Thursday, June 3, 2010

The life and times of the Fender Jeff Beck Tribute Esquire Relic

Stratoblogster has a good post about a Jeff Beck Tribute Esquire Relic, a purported exact replica of Jeff Beck's battered Esquire, which he used in the sixties with the Yardbirds. The price? $7999.99.

As a working musician, a price like that on an electric guitar, especially one that is so baldly utilitarian as the Esquire, is, to me, laughable. I'm sure that I part company here with many pros, who point to the six-figure prices of some violins. But I just can't get past the cold fact that an Esquire like this, under the painstaking relic-ing, is really just a plank.  A beautifully engineered, mass-produced plank. Am I missing something?

This is not to imply that I don't shamelessly slaver over the picture of the guitar that I've posted here. But that's just because I love Teles, and I love the look and feel of old, beaten-up guitars. I still remember, as a 14 year old, picking up a battered sixties Tele with a Bigsby at Burlington Music (later Lakeshore Music, later still co-opted by Long and McQuade). But they wanted $700, so I couldn't afford it!

Hitting the Google oracle, I see that this guitar listed for $15,000 when it was first offered in February 2006. Here's a blog post from August 2006, reporting the street price of the JB to be $10,000. By December, the street price had dropped to $8,000, according to this forum thread. It has hovered there ever since, as evidenced by the $7999.99 EBay price tag (at this price point, by the way, I find "99" prices tacky) and this listing on Elderly's website.

Fender's extremely expensive guitars, which tend to be relic'ed reproductions of classic Fender guitars used by celebrities, exist in a sort of netherworld to me; a netherworld populated by guitar-dabbling lawyers and doctors, some perhaps buying guitars as investments. Why did the Jeff Beck Tribute Esquire Relic fail as an investment? Were qualms about its accuracy damaging to its reputation?
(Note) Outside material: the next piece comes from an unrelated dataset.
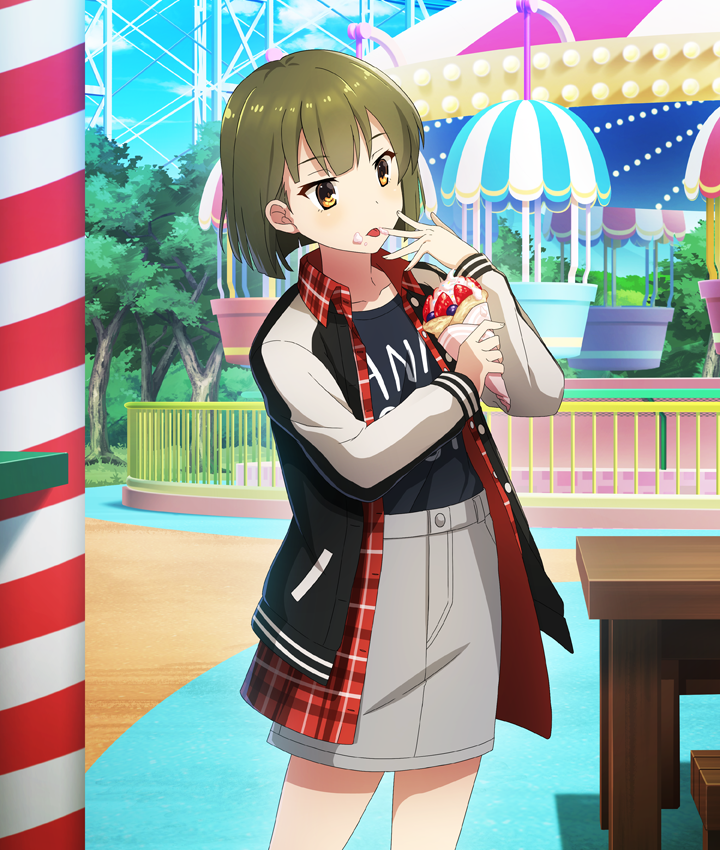 1girl amusement_park ban_tsugumi bench black_jacket blue_shirt blue_sky blunt_ends bob_cut clothes_writing cowboy_shot cream cream_on_face cream_on_finger crepe day dot_nose food food_on_face fruit game_cg green_hair grey_shorts hands_up holding holding_crepe holding_food jacket licking_finger licking_own_finger long_sleeves official_art open_clothes open_jacket open_shirt outdoors plaid_clothes plaid_shirt pole railing roller_coaster shirt short_hair shorts sky solo strawberry table third-party_source toji_no_miko toji_no_miko:_kizamishi_issen_no_tomoshibi tongue tongue_out tree unbuttoned wooden_bench wooden_table yellow_eyes

The trade in reproduced famous guitars can be understood as a particularly fetishized aspect of guitar culture. It depends upon a strain of gear lust that values highly two factors: rarity, and the perceived aura of a celebrity's guitar. The Jeff Beck Tribute Esquire Relic certainly has rarity on its side - only 150 were made. But it's possible that Beck lessened the impact of the Fender model by also allowing Gibson to use his name on their Custom Shop repro of a famous Beck guitar, in this case his "Oxblood" Les Paul.

But what about the aura? The 'Masterbuilt' line of Fender guitars is built by named craftsmen, in this case the late John English. So there is a connotation of the old-world artisan here, rather than the monolithic Fender brand, which has been somewhat cheapened these days by the company's major Chinese, Mexican and Korean operations, along with their Southern California base. The 2007 death of John English might have been expected to affect the price, though perhaps English's role in the manufacture of the guitar is not significant to the actual customers who would purchase these guitars.

And of course, we must take into account the formidable aura of Beck himself. There has been an assessment in some recent sources that Beck is one of the most highly regarded rock guitarists still working. It's entirely probable that the value of both guitars will increase when Beck dies, though the admittedly less rare Danny Gatton and Stevie Ray Vaughan models have not had a renaissance as of yet.